YOU SAY “Wait until I tell your father.”
YOU SHOULD HAVE SAID “I'm really frustrated, too, but we're going to figure this out.”
We often deflect authority to our partner when we're feeling helpless. But surrendering it suggests to your child that you're not in control, and that's scary for a toddler. If you need a minute or two after your kid calls you a name, take it. It's better to pause than to say something that will only make your kid panic more. “Every child needs to know when he's having a tantrum that it's a safe space,” says Maureen Healy, author of Growing Happy Kids. “The most important thing is that he knows you love him no matter what and that you are there to help him.”
If you do feel like you need backup, don't invoke almighty Dad in a menacing way. Instead, Dr.
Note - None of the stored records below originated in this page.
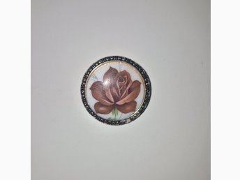 Antik brosch handmålad blomma på porslin förgyllt silver
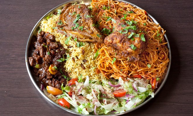You could follow that with a wrap. You could have a burger. You could have a chicken caesar. Don’t judge them. They’ve got a living to make. Also, don’t have any of these. Have one of the sharing platters. They are a bit of everything that defines Hooyos and are clearly portioned by a kitchen that only regards far too much as enough. The platter for two at £32 could easily feed three. The platter for six at £60 could presumably feed Luton. It’s built on a hefty platform of carbs that have been pelted with roasted and ground spices. To one side is a huge, tangled pile of dry, masala-spiced spaghetti, bursting with ground cumin and coriander seed and stained a deep-rust colour. Next to that comes a generous heap of equally fragrant rice. It’s fringed by a salad that’s purple-dusted with sour sumac.
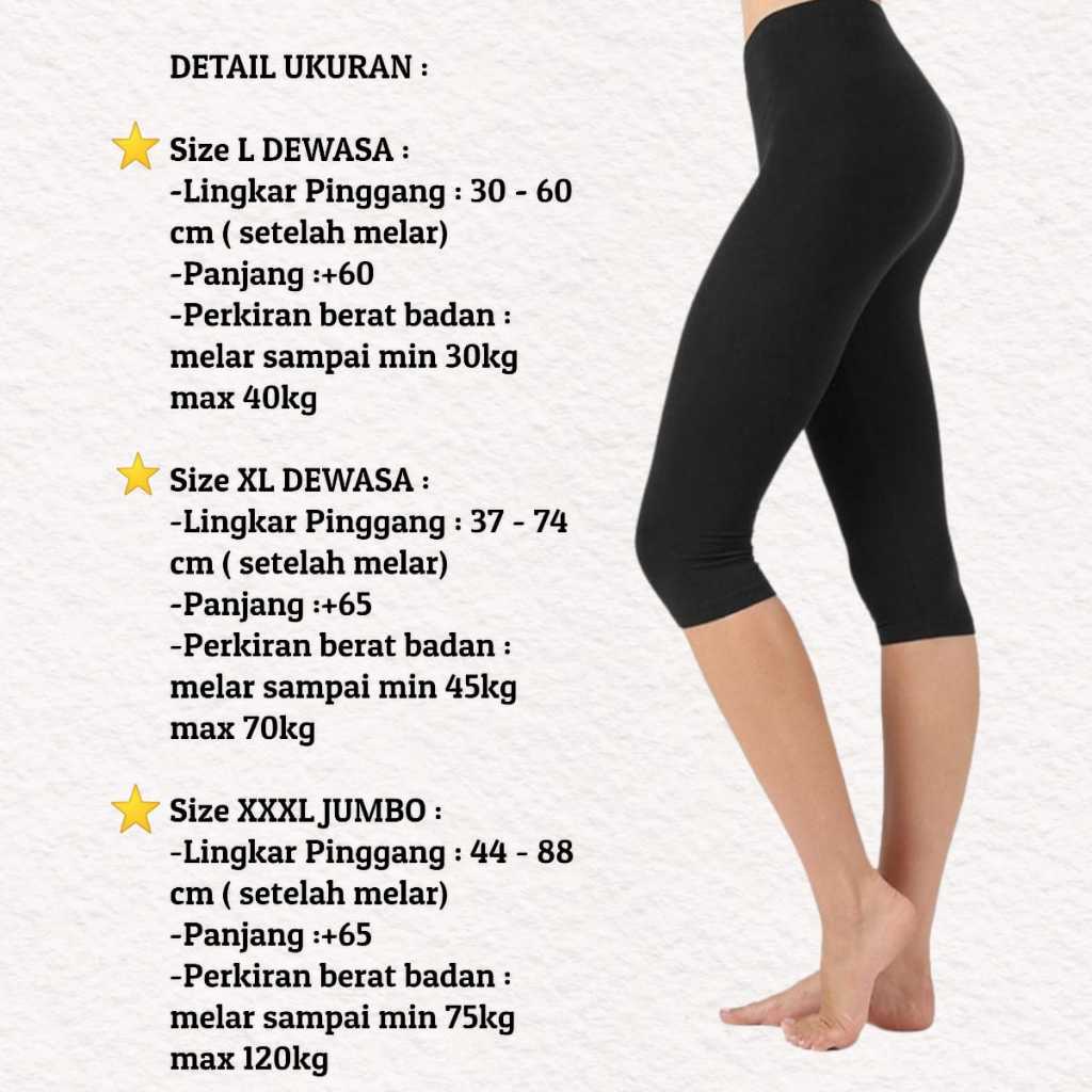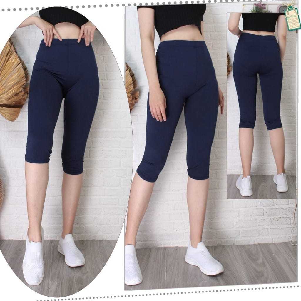 Celana Legging Selutut 7/8 Pendek Olahraga Wanita Polos Standar & Jumbo

Gold suggests saying something like “We're having a tough time now, but maybe when Daddy gets home, we'll calm down and be able to think better about this.” This way, you're not creating an us-versus-you dynamic but using your spouse in a positive way as reinforcement.
SHE SAYS “No! No! No!”
YOU SAY “I'll do anything if you just…”
YOU SHOULD HAVE SAID Nothing.
No, really. Don't say a word. “There is a time for speaking, and there is a time for action,” says Griffin. If the tantrum has reached the point where you're willing to do anything, it's time to take the reins and get things under control. If that means picking up your child and her shoes and putting them on yourself, do it. If that means leaving your shopping cart in the middle of the dairy aisle, then sayonara, Go-Gurt. “In the moments when your child is most emotional and overwhelmed, you really should stop talking and start doing because she isn't capable of doing much for herself,” says Griffin.